Segment Start: Supplied material
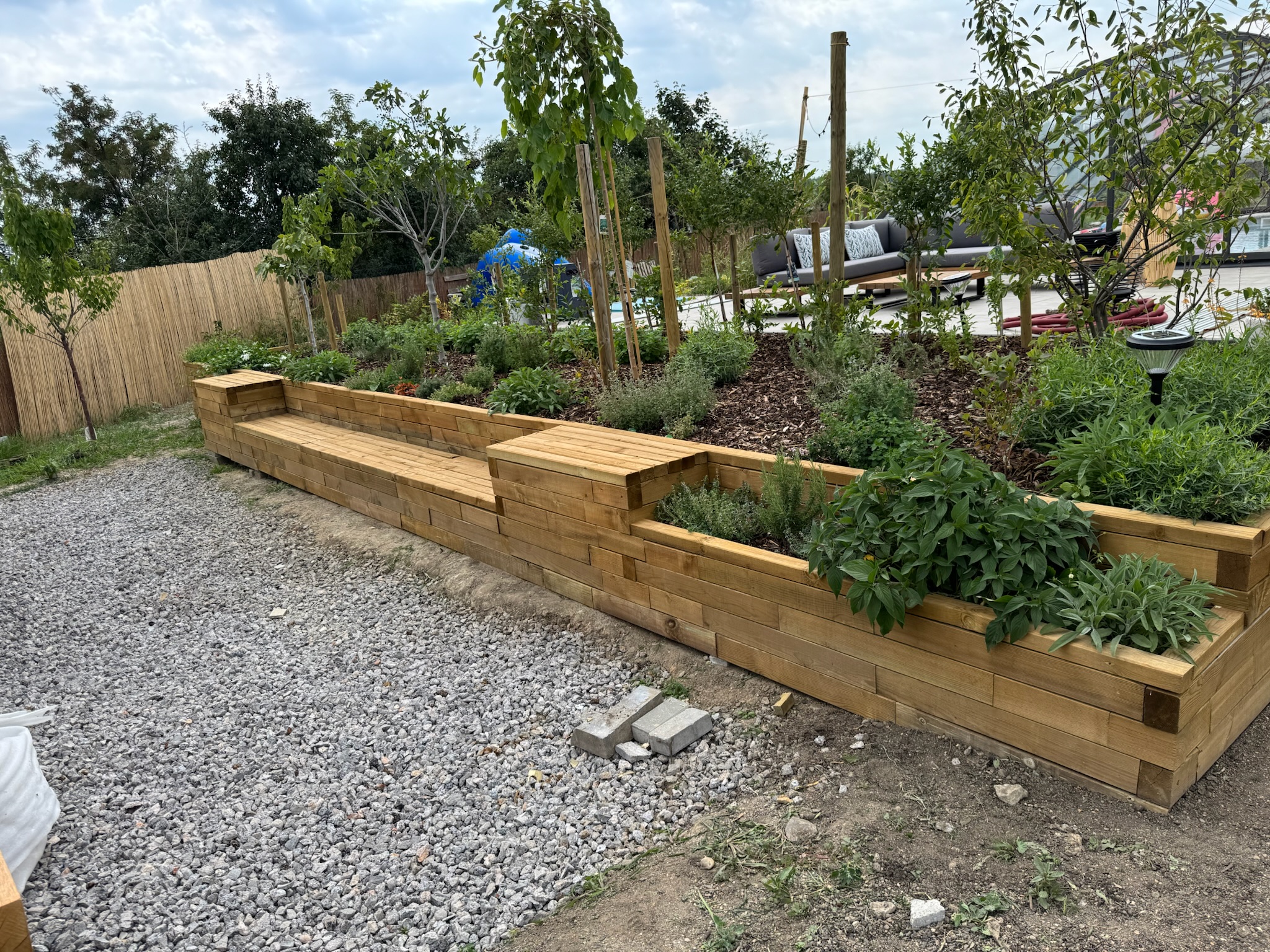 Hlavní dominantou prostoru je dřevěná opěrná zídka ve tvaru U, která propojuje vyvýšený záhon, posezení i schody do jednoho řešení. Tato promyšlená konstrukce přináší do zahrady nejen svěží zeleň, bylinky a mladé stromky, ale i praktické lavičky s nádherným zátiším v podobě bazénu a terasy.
Segment End: Supplied material
Segment Start: Supplied material
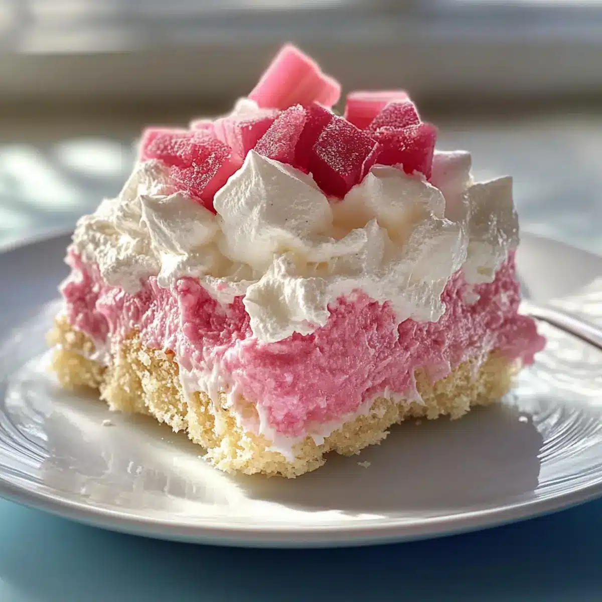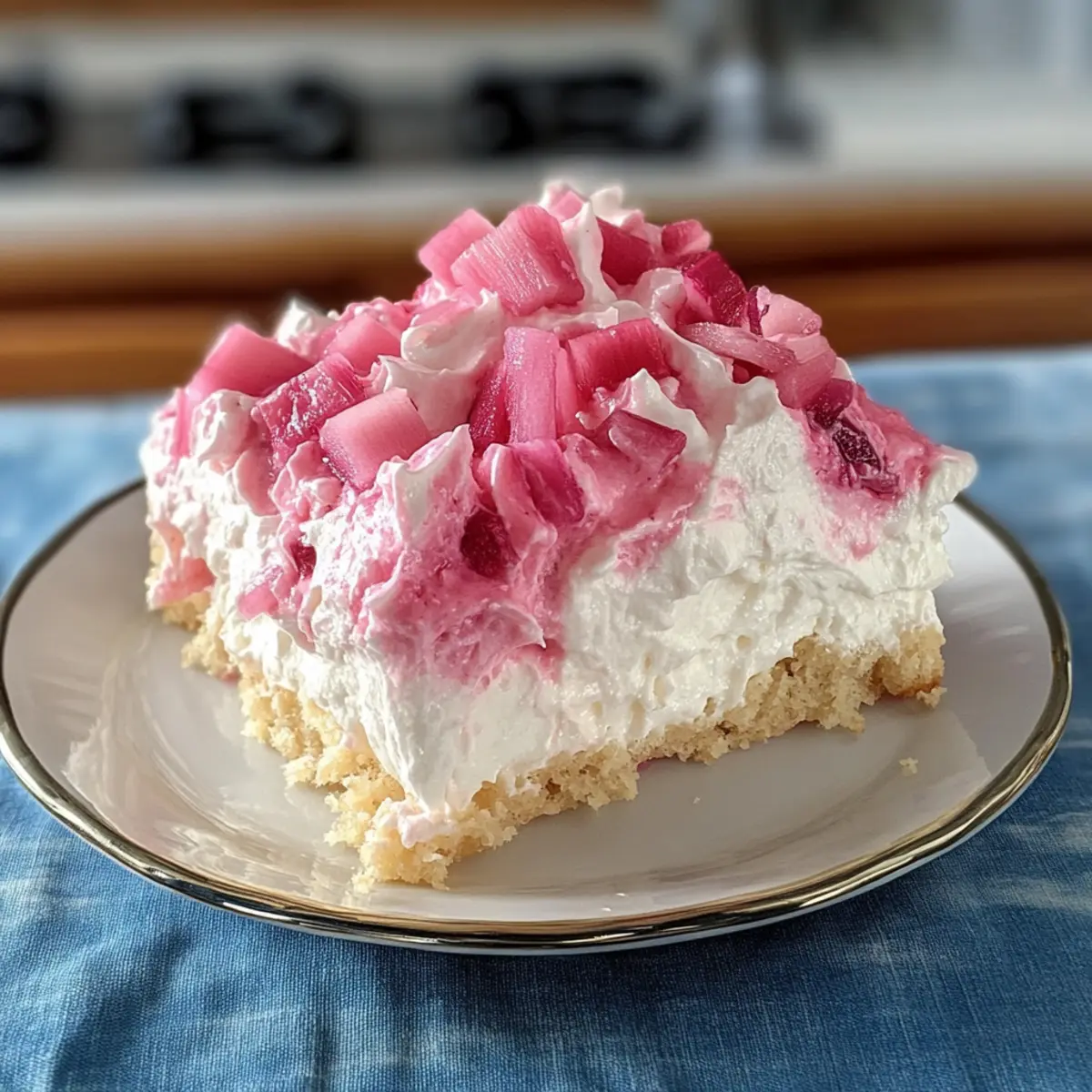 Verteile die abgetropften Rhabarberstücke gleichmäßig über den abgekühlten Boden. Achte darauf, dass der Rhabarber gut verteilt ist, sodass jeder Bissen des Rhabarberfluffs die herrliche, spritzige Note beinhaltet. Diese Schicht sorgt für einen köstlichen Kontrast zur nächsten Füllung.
Segment End: Supplied material
Segment Start: Supplied material
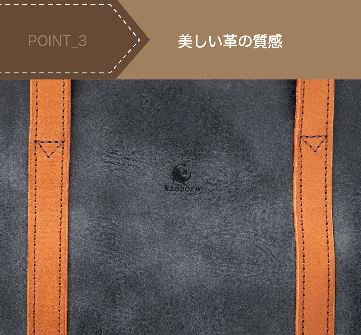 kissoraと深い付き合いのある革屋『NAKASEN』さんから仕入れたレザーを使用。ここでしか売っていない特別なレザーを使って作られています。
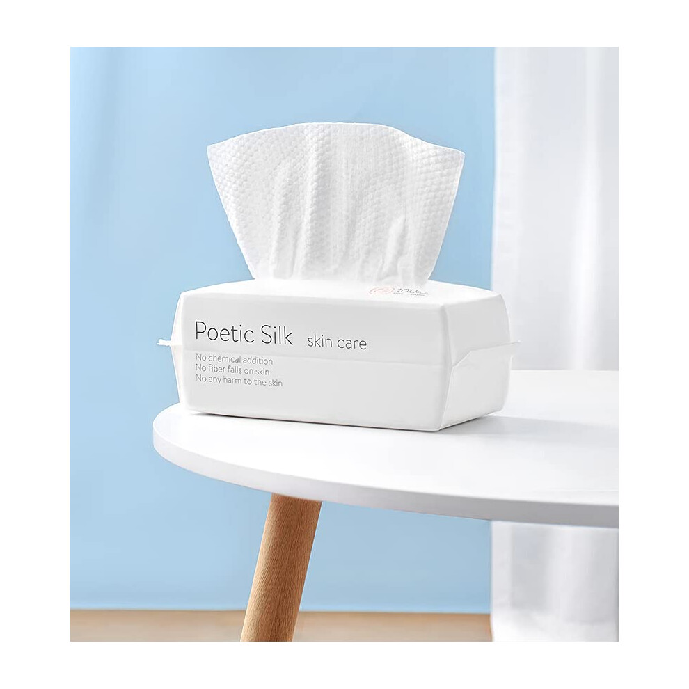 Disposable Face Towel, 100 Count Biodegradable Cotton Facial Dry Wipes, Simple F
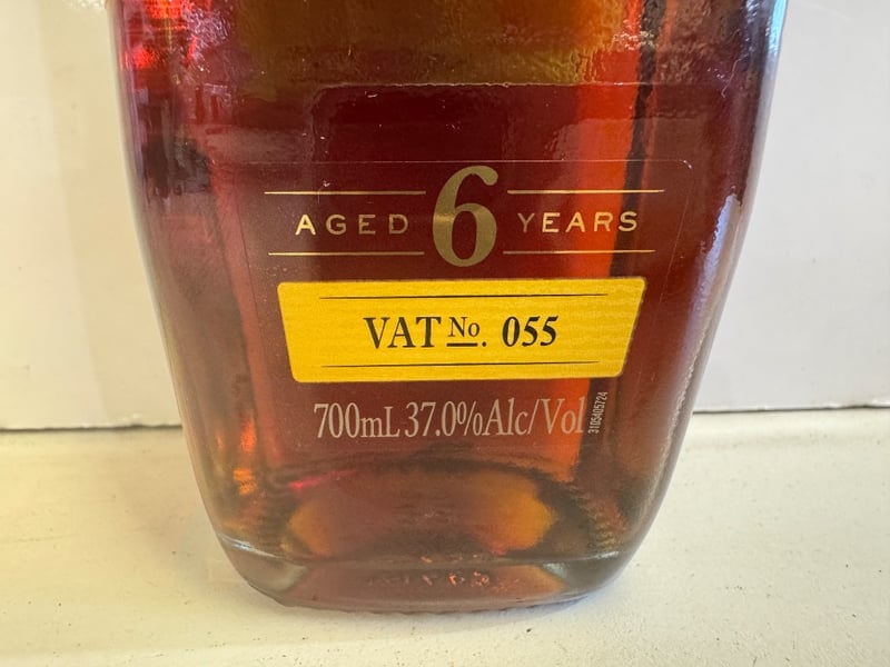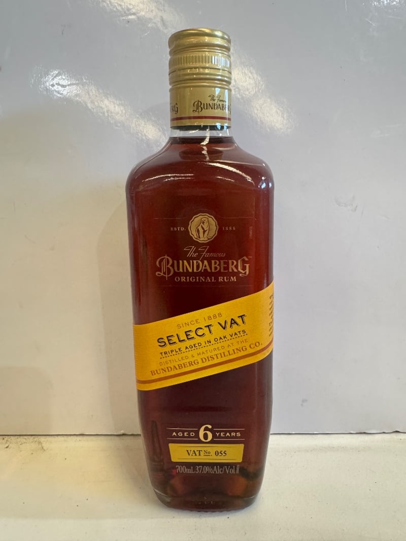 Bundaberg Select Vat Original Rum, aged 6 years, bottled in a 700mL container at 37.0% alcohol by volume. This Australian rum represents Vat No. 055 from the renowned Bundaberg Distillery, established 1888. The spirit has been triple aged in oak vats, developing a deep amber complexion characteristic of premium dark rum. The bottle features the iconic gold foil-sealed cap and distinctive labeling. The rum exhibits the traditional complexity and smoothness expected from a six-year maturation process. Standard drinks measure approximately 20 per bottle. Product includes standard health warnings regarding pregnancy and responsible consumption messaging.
Segment End: Supplied material
**Exercise description**: Retype only the lines above from the one with "kissoraと深い付き合い" through the one with "Disposable Face Towel, 100", exactly and with both ends. Images stay out.

**Response to this exercise**:
 kissoraと深い付き合いのある革屋『NAKASEN』さんから仕入れたレザーを使用。ここでしか売っていない特別なレザーを使って作られています。
 Disposable Face Towel, 100 Count Biodegradable Cotton Facial Dry Wipes, Simple F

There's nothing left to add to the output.